Miércoles de Ceniza y apertura cuaresmal en el Seminario por la Conferencia Episcopal de Honduras

«Hemos conocido el amor que Dios nos tiene y hemos creído en él» (1 Jn 4,16)
Queridos hermanos y hermanas:
La celebración de la Cuaresma, en el marco del Año de la fe, nos ofrece una ocasión preciosa para meditar sobre la relación entre fe y caridad: entre creer en Dios, el Dios de Jesucristo, y el amor, que es fruto de la acción …del Espíritu Santo y nos guía por un camino de entrega a Dios y a los demás.

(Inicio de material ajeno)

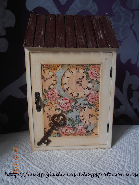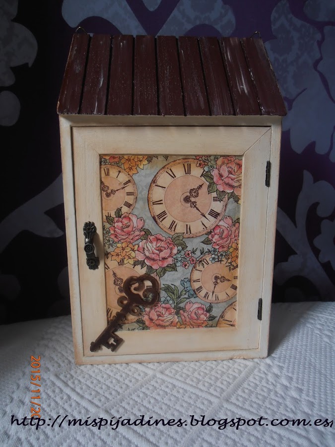 Armario cuelga llaves con pintura y papeles de scrap..
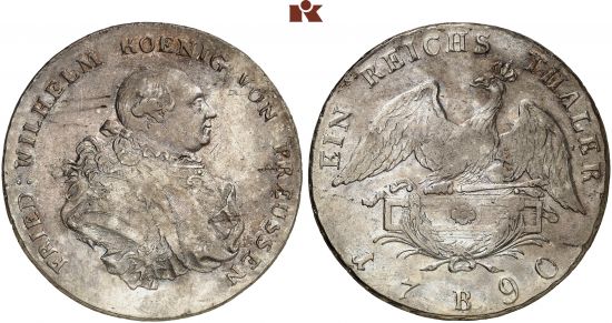 "BRANDENBURG-PREUSSEN, PREUSSEN, KÖNIGREICH, Friedrich Wilhelm II. 1786-1797. Reichstaler preuß. 1790, B, Breslau. Sehr schön. (Germany, kingdom of Prussia, Frederick William II, 1786-97, thaler of 1790, Breslau mint. Very fine.)"
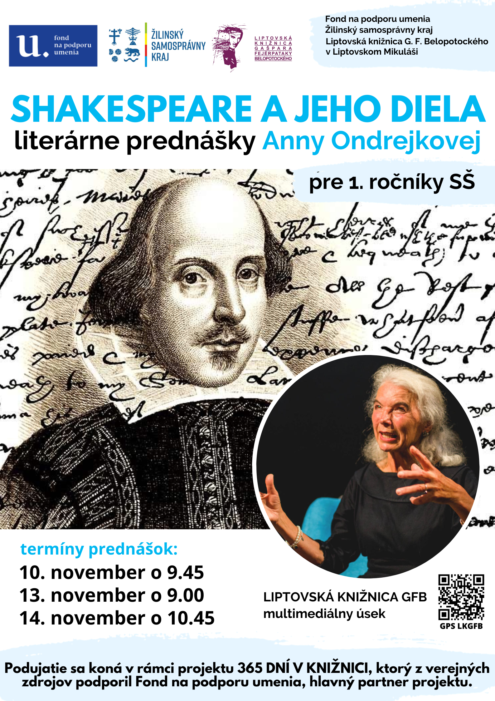 Shakespeare a jeho diela – tri literárne prednášky Anny Ondrejkovej o živote a diele Williama Shakespeare pre študentov 1. ročníka SŠ; 10. novembra o 9.45; 13. novembra o 9.00; 14. novembra o 10.45; v multimediálnom úseku liptovskej knižnice.
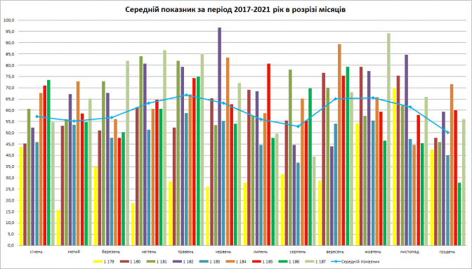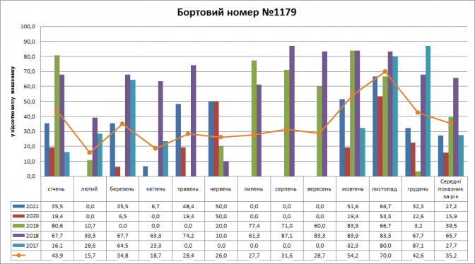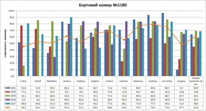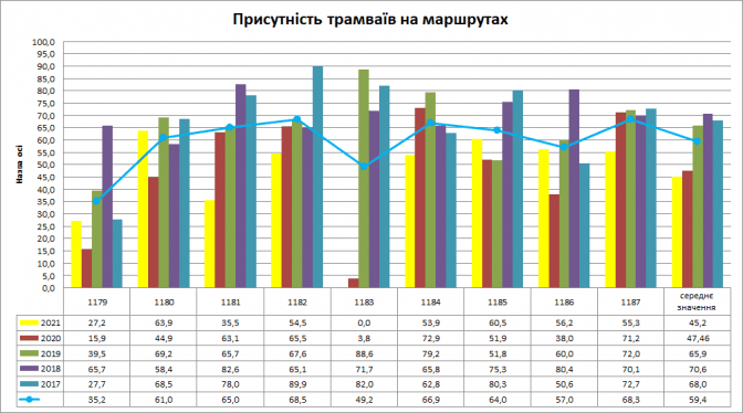 Із цієї діаграми видно в розрізі кожного місяця 2017 – 2021 років показник присутності трамваїв на маршрутах. Синьою лінією зведений середній показник за п’ять років, окремо кожен місяць. У грудні найменше курсувало трамваїв – 50,1%, у серпні – 52,9%, в лютому – 55,2%, в липні – 56%, у березні – 56,7%. Найвищий показник був у травні – 66,9%, у жовтні – 65,6%, у вересні – 65%.

1. La fe como respuesta al amor de Dios
En mi primera Encíclica expuse ya algunos elementos para comprender el estrecho vínculo entre estas dos virtudes teologales, la fe y la caridad. Partiendo de la afirmación fundamental del apóstol Juan: «Hemos conocido el amor que Dios nos tiene y hemos creído en él» (1 Jn 4,16), recordaba que «no se comienza a ser cristiano por una decisión ética o una gran idea, sino por el encuentro con un acontecimiento, con una Persona, que da un nuevo horizonte a la vida y, con ello, una orientación decisiva… Y puesto que es Dios quien nos ha amado primero (cf. 1 Jn 4,10), ahora el amor ya no es sólo un “mandamiento”, sino la respuesta al don del amor, con el cual Dios viene a nuestro encuentro» (Deus caritas est, 1). La fe constituye la adhesión personal ?que incluye todas nuestras facultades? a la revelación del amor gratuito y «apasionado» que Dios tiene por nosotros y que se manifiesta plenamente en Jesucristo. El encuentro con Dios Amor no sólo comprende el corazón, sino también el entendimiento: «El reconocimiento del Dios vivo es una vía hacia el amor, y el sí de nuestra voluntad a la suya abarca entendimiento, voluntad y sentimiento en el acto único del amor. Sin embargo, éste es un proceso que siempre está en camino: el amor nunca se da por “concluido” y completado» (ibídem, 17). De aquí deriva para todos los cristianos y, en particular, para los «agentes de la caridad», la necesidad de la fe, del «encuentro con Dios en Cristo que suscite en ellos el amor y abra su espíritu al otro, de modo que, para ellos, el amor al prójimo ya no sea un mandamiento por así decir impuesto desde fuera, sino una consecuencia que se desprende de su fe, la cual actúa por la caridad» (ib., 31a). El cristiano es una persona conquistada por el amor de Cristo y movido por este amor ?«caritas Christi urget nos» (2 Co 5,14)?, está abierto de modo profundo y concreto al amor al prójimo (cf. ib., 33). Esta actitud nace ante todo de la conciencia de que el Señor nos ama, nos perdona, incluso nos sirve, se inclina a lavar los pies de los apóstoles y se entrega a sí mismo en la cruz para atraer a la humanidad al amor de Dios.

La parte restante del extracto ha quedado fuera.